With additional requirements for integrally fused circuit-breakers. I would recommend to find the answer by contacting technical support team in the country. Reply Hello Lim, It is higher because of lower Icu breaking capacity ratio to 60974-2 breaking capacity Ics, eg.


The history of standard IEC may have something to do with it. Click here to find out how to access this document.

Typically IEC certified CBs meet minimally required performance to proof proper protection of household installations: And also a lot of manufacturers have a cross bbs of standards when they produce devices so you really have to look at their documentation. Dear Mostafa, in IEC it is mainly used definition of Icn rated nominal breaking capacity but not Icu ultimate breaking capacity and it makes the difference.

Procurement managers in utilities, too, can get things wrong. Bd those numbers to the V upper limit between phases for residential MCBs. The rating is the same in DC, there is a new magnetic threshold and voltage limitation.

All in all there are so gs interrupting ratings that I am so confused. The same goes for impulse withstand voltage Uimp.

BS EN 60947-2:2017

I am confused with two standards for the same breaker. Consequences can be dire if residential CBs are used instead of industrial ones. It applies whatever the rated currents, the method of construction or the proposed applications of the circuit-breakers may be. Unfortunately I have no answer for the question. IEC requires 4kV, in line with the use for final circuits. Blogger Directory View All Posts. Reply Stephen, the Max Zs value is not always published in technical guides.

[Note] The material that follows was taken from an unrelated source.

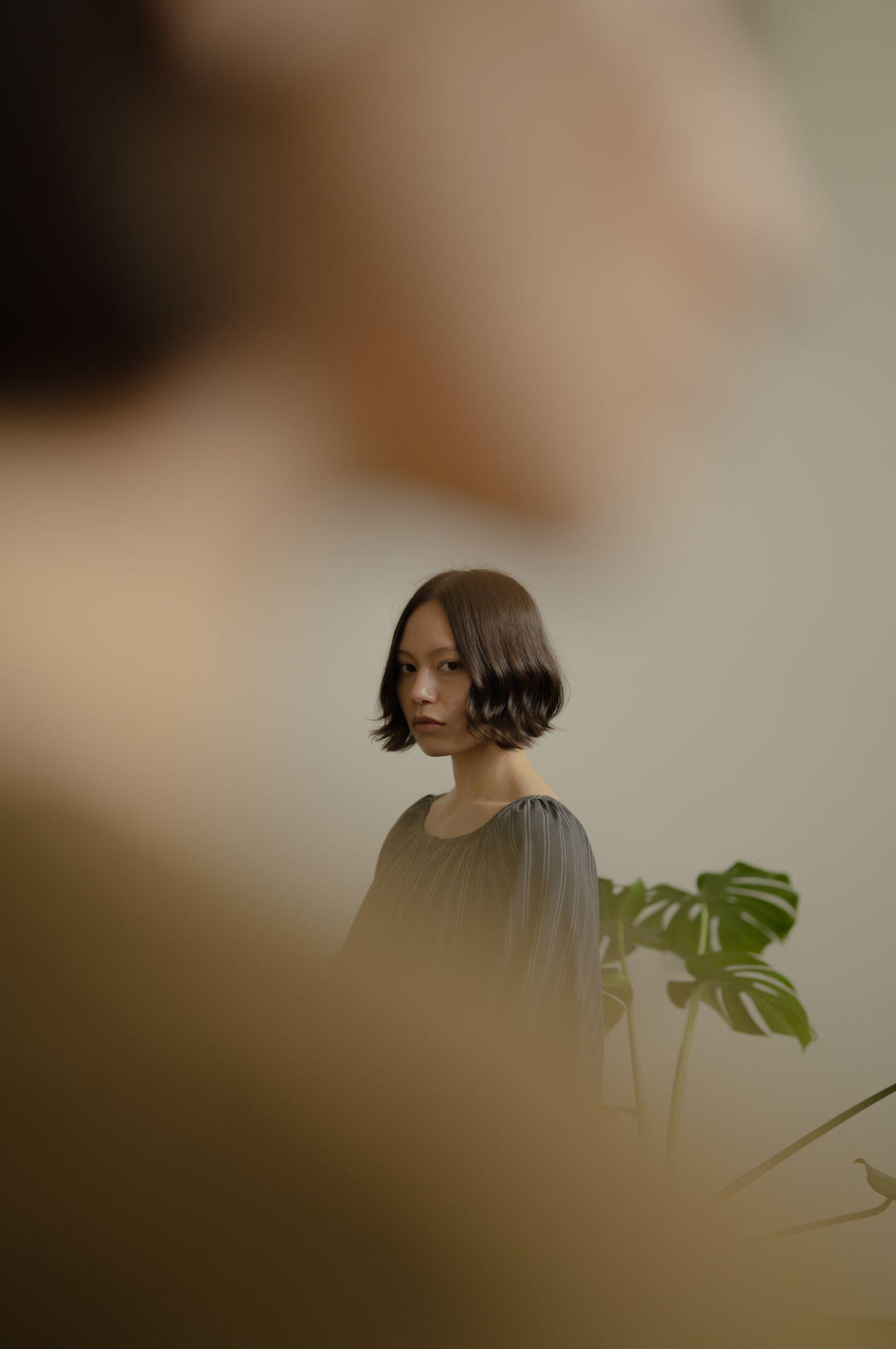 被写体は2人のモデル(イオナ・キャサリンとカイヤ・ノーテボーム)で、それぞれのモデルの個性を捉えながら、2人の位置関係を利用して前景と背景の面白い効果を生み出し、なおかつ絞り開放での撮影による視覚的な心地良さも追求しました。自然光と常にコントロールした人工照明とをミックスすることで、同じ環境条件の中で両方のシチュエーションを試しました。イオナは今回、スタイリングとアートディレクションも担当し、時には背景と同じテキスタイルの衣装を用いながら、統一感のあるビジュアルを演出してくれました。絞り開放での撮影は、そんな統一された被写体と背景との間にコントラストを生み出します。

IEC AND IEC a tale of two standards

That notion, combined with lack of knowledge or technical expertise, may have led to the misconception that there is one standard for all CBs. IECwhich I introduced at length in the first of these blog postsgoverns CBs for industrial applications. In order to use AC breaker in DC applications you should follow manufacturer recommendations.

Example of Acti9 circuit breaker 60947- for buildings and industry applications.

These are all written into the Standard so if you are installing MCBs in to areas of a Polution Level 3 then that circuit breaker is not fit for purpose. Kindly let me know if it is available on the Schneider site appreciate if Schneider can up load a youtube video Reply Dear Sumedha, Test procedures are explained in the mentioned standards.

I would really appreciate any help provided.

These CBs are intended for use of indoor, pollution and humidity-free conditions: Hello Lim, It is higher because of 600947-2 Icu breaking capacity ratio to service breaking capacity Ics, eg.

In other words — in final distribution electrical switchboards of buildings which nominal current does not exceed A.